Blood glucose is commonly considered too high if it is higher than 130 mg/dl before a meal or higher than 180 mg/dl two hours after the first bite of a meal. However, most of the signs and symptoms of high blood glucose don’t appear until the blood glucose level is higher than 250 mg/dl. Some of the symptoms have a rapid onset, while others require a long period of high blood glucose to set in.
It’s important to note that individuals differ in their sensitivity to the effects of high blood glucose: Some people feel symptoms more quickly or more strongly than others. But each sign or symptom has a biological underpinning, or a specific cause behind the effect.
Hyperglycemia can be acute or chronic. Acute hyperglycemia lasts only briefly and is often the result of a high-carbohydrate meal, a missed dose of medicine, stress, or illness. Chronic hyperglycemia, on the other hand, is a state of long-term elevated blood glucose. It is often the result of undiagnosed diabetes or of an inadequate diabetes treatment regimen. Chronic hyperglycemia is arguably the more dangerous of the two, as long-term elevated blood glucose has a toxic effect on the body’s tissues. In fact, some of the signs of high blood glucose are actually the aftermath of cellular damage caused by high blood glucose.

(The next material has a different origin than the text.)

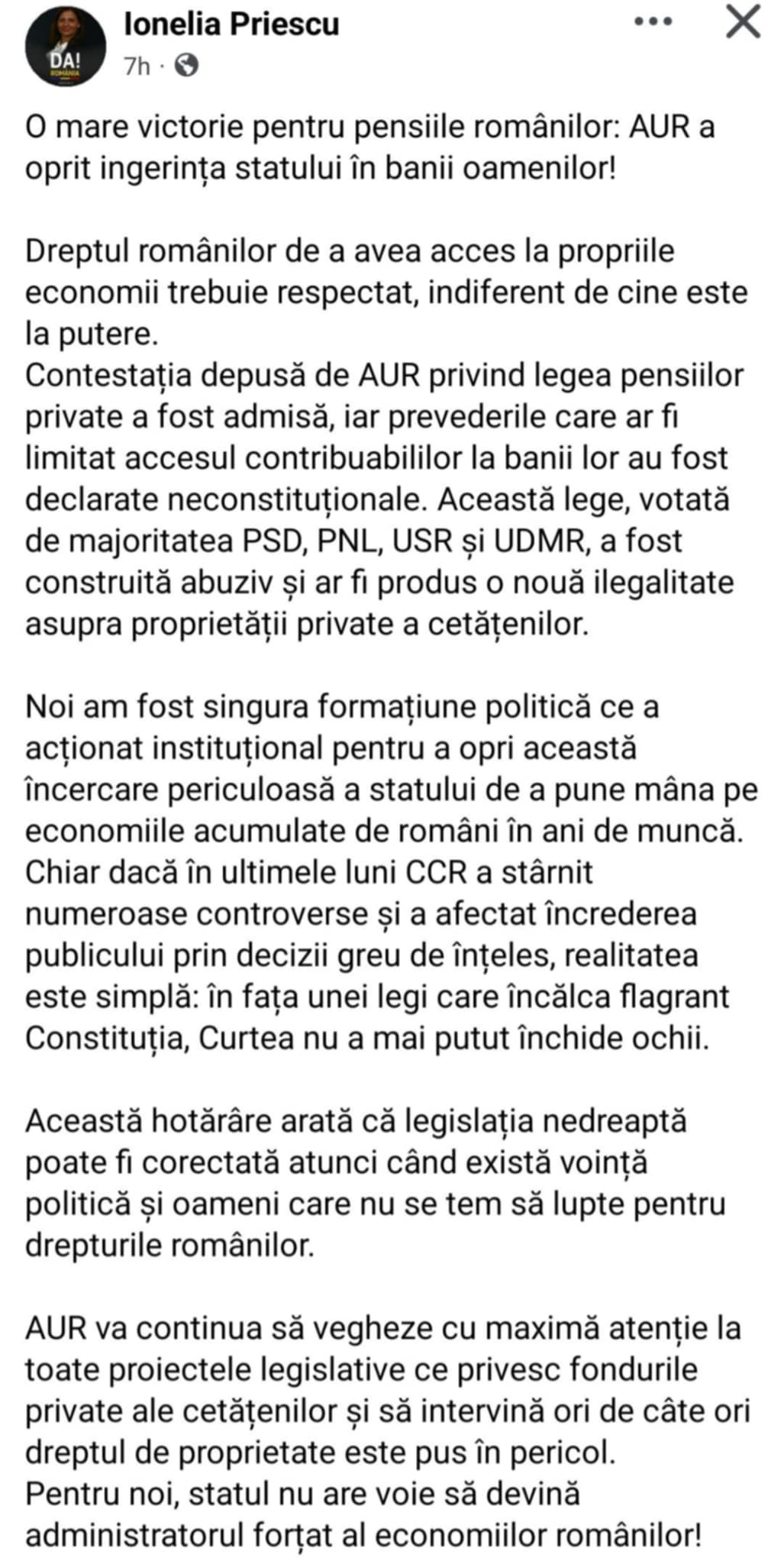 ”O mare victorie pentru pensiile românilor: AUR a oprit ingerința statului în banii oamenilor! Dreptul românilor de a avea acces la propriile economii trebuie respectat, indiferent de cine este la putere Contestația depusă de AUR privind legea pensiilor private a fost admisă, iar prevederile care ar fi limitat accesul contribuabililor la banii lor au fost declarate neconstituționale. Această lege, votată de majoritatea PSD, PNL, USR și UDMR, a fost construită abuziv și ar fi produs o nouă ilegalitate asupra proprietății private a cetățenilor. Noi am fost singura formațiune politică ce a acționat instituțional pentru a opri această încercare periculoasă a statului de a pune mâna pe economiile acumulate de români în ani de muncă. Chiar dacă în ultimele luni CCR a stârnit numeroase controverse și a afectat încrederea publicului prin decizii greu de înțeles, realitatea este simplă: în fața unei legi care încălca flagrant Constituția, Curtea nu a mai putut închide ochii.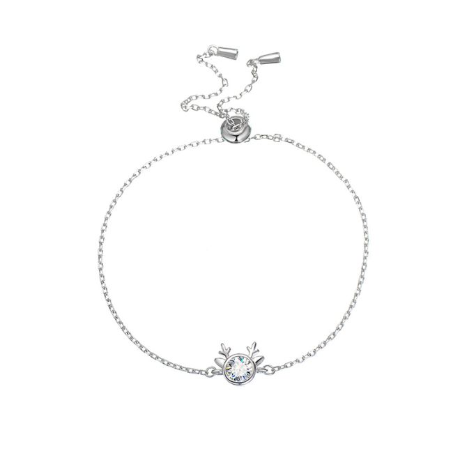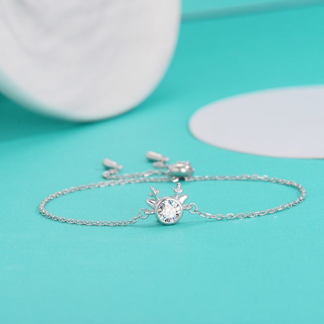 Bracelet - Minimalist Deer Head Moissanite Sterling Silver Chain Bracelet

Signs and symptoms of high blood glucose are often what lead people with undiagnosed diabetes to visit their doctors and, consequently, get diagnosed. But signs and symptoms of high blood glucose can also occur after diabetes is diagnosed and treatment has been started. It is a signal that your diabetes has slipped out of control.
The classic symptoms of high blood glucose are polyuria, polydipsia, and polyphagia.
In plain English, that means excessive urination, excessive thirst, and excessive hunger. Any doctor who hears this trio of complaints will reach for a blood glucose meter. But often, the person experiencing these symptoms doesn’t notice them right away. This is partly because they often creep up on a person in a gradual fashion, and partly because the signs and symptoms of high blood glucose aren’t well known among people who don’t have diabetes — or don’t know they have diabetes.
Here’s what’s behind these classic three symptoms of high blood glucose:
Excessive urination
Polyuria is the result of a runaway biological and chemical chain reaction that feeds on itself. It starts in the blood, where high glucose concentrations osmotically pull intracellular fluid into the bloodstream. This is the body’s attempt to equalize the concentration of glucose in the blood with the concentration in the cells. By diluting the blood with intracellular fluid, the body brings the glucose concentration of the blood closer to normal. Initially, this increases the fluid volume of the blood while dehydrating the cells.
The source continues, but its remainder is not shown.